On April 21, 2020, the Manager announced it will not be accepting new subscriptions for shares of HOU or HOD until further notice. Accordingly, the Manager anticipates that purchases of new shares of the ETFs at the available offer prices on the secondary market are not expected to be reflective of the underlying net asset values per share. It is imperative to note that shares of the ETFs have and are expected to continue to trade at premiums to their net asset values while subscriptions of shares are suspended. Redemptions will continue to be accepted in the normal course.

The Manager also anticipates that the ETFs will be able to re-open to new subscriptions when the extreme market volatility in crude oil futures markets subsides and when it is able to obtain additional underlying exposure for the ETFs in the normal course.

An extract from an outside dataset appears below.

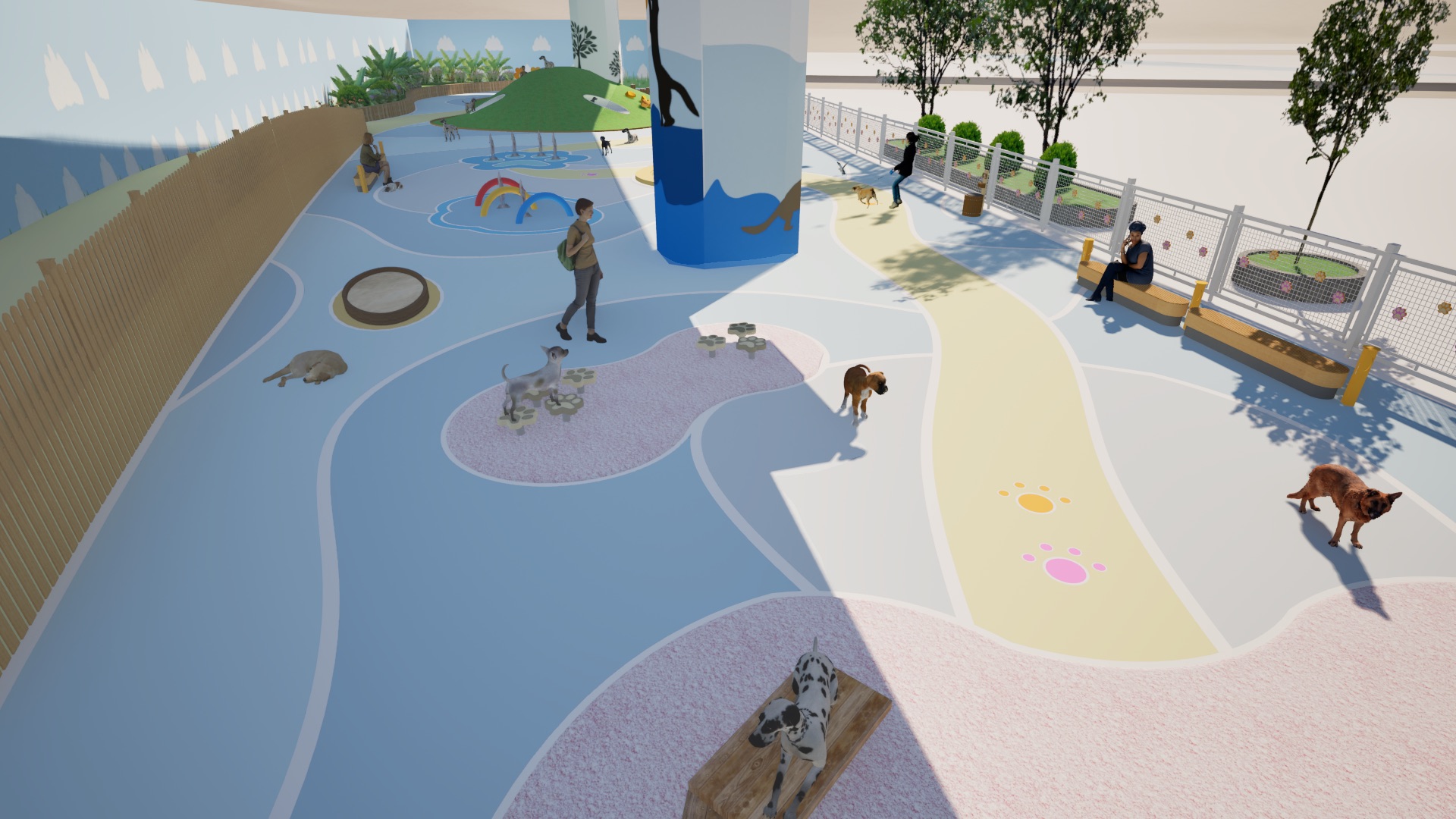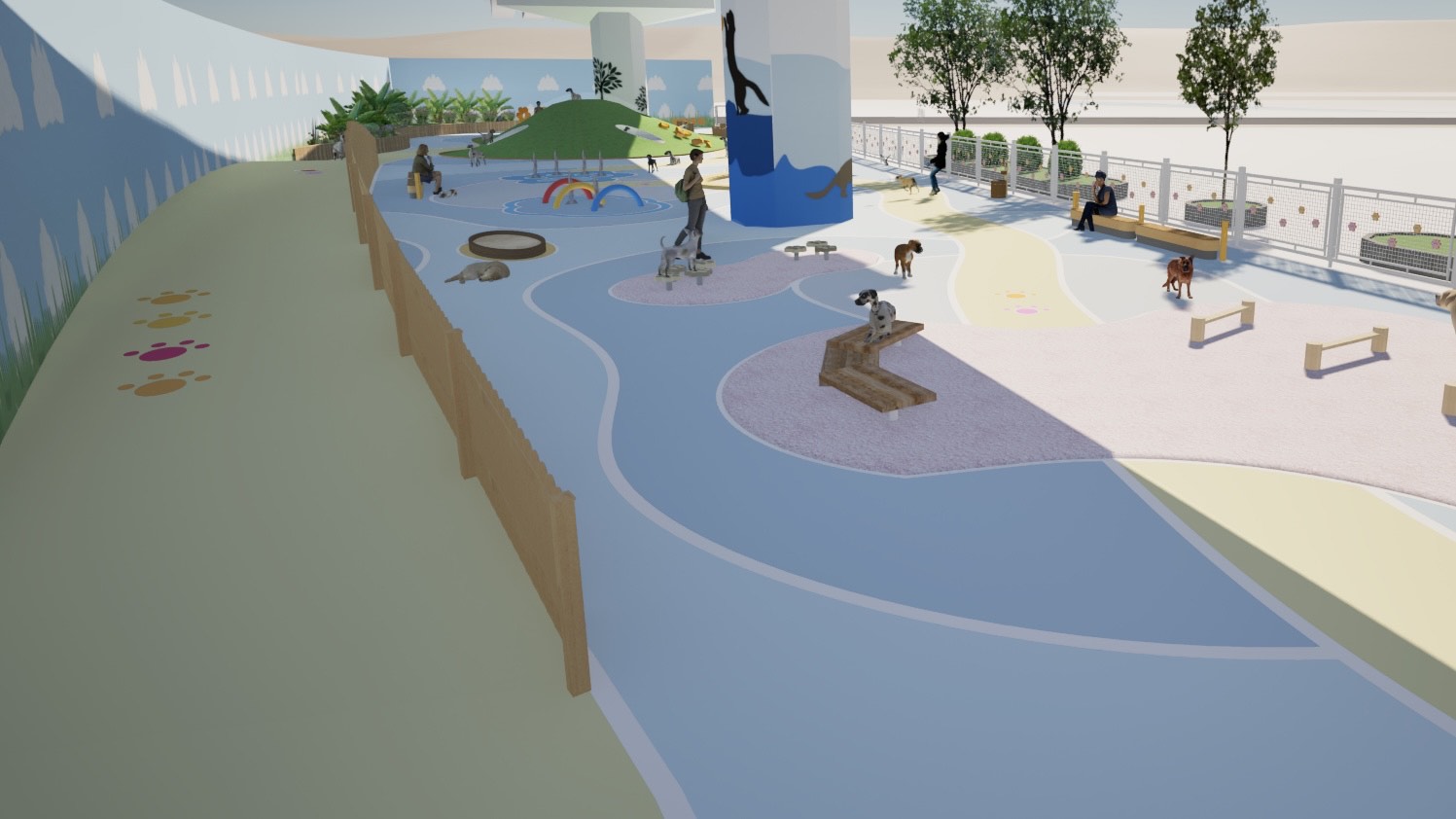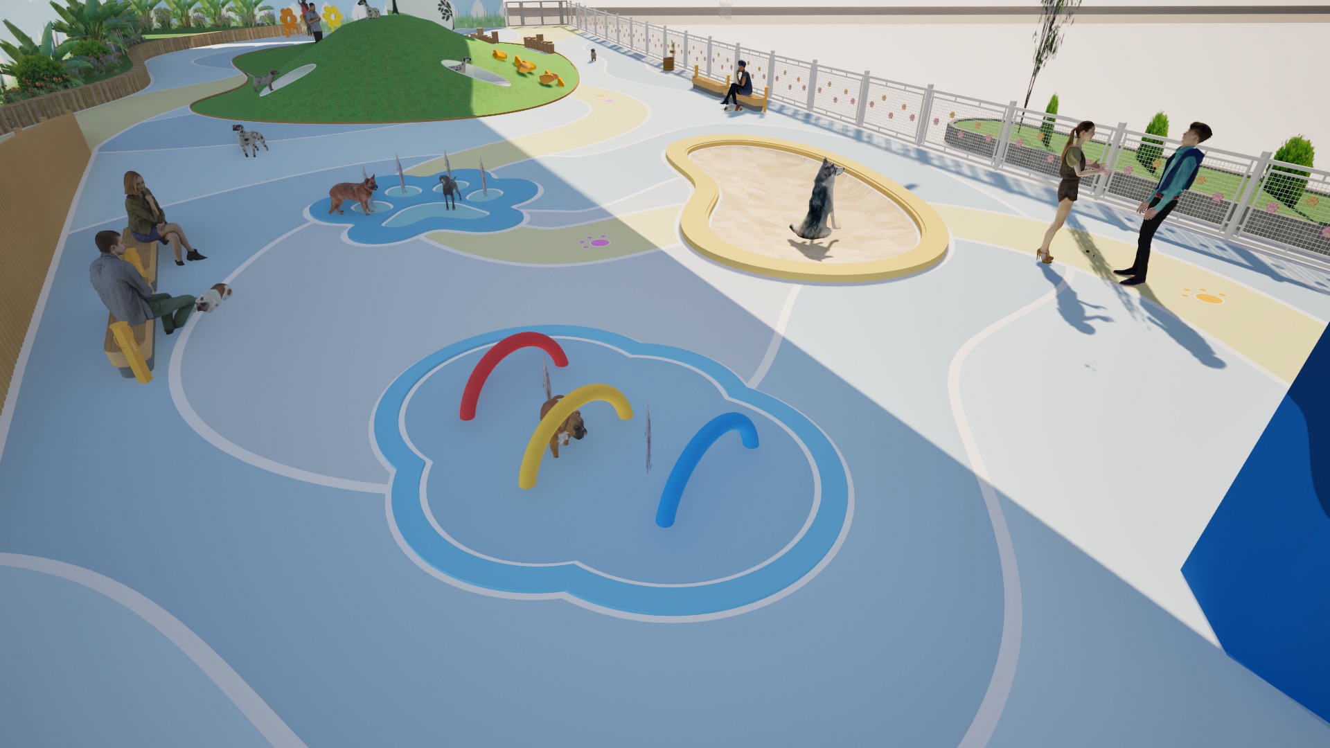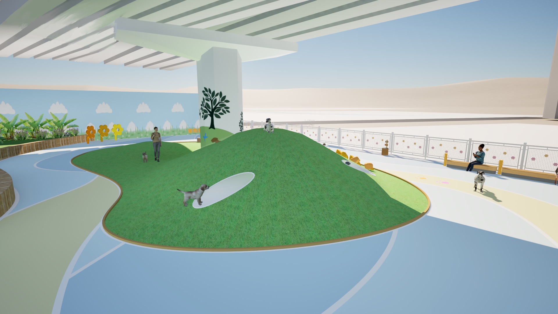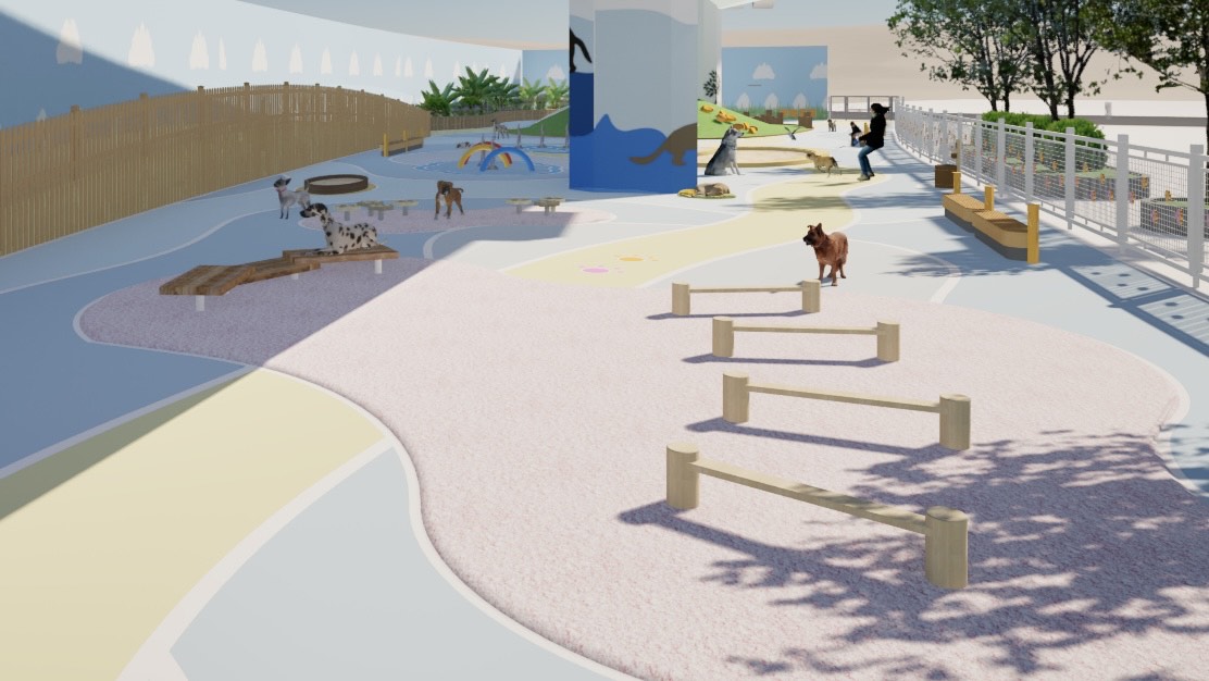 「宠乐园」的设计愿景是促进人宠连结,设计概念灵感来自于绳子的特性:经常被用来连结不同的独立物件,象征人与宠物之间的联系。公园主要采用曲线元素来模仿绳子的弯曲形式。此外,「宠乐园」也透过各种设施和活动促进互动和交流。

An investment in shares of the ETFs involves certain risks, including as a result of the foregoing changes.  Investing in shares of the ETFs can be speculative, can involve a high degree of risk and may only be suitable for persons who are able to assume the risk of losing their entire investment.  Potential investors in these ETFs are reminded to read the prospectus, as amended from time to time, and all information available on www.sedar.com before investing. Investors should continue to monitor their investment daily and note that the ETFs are no longer expected to achieve their stated investment objective for the reason set forth above.

The Manager will advise as soon as there are any further developments with respect to the ETFs. A prospectus amendment that reflects the changes set out above will be filed following the date of this press release, and will be available at www.sedar.com or the Manager's website at www.horizonsetfs.com.

SOURCE Horizons ETFs Management (Canada) Inc.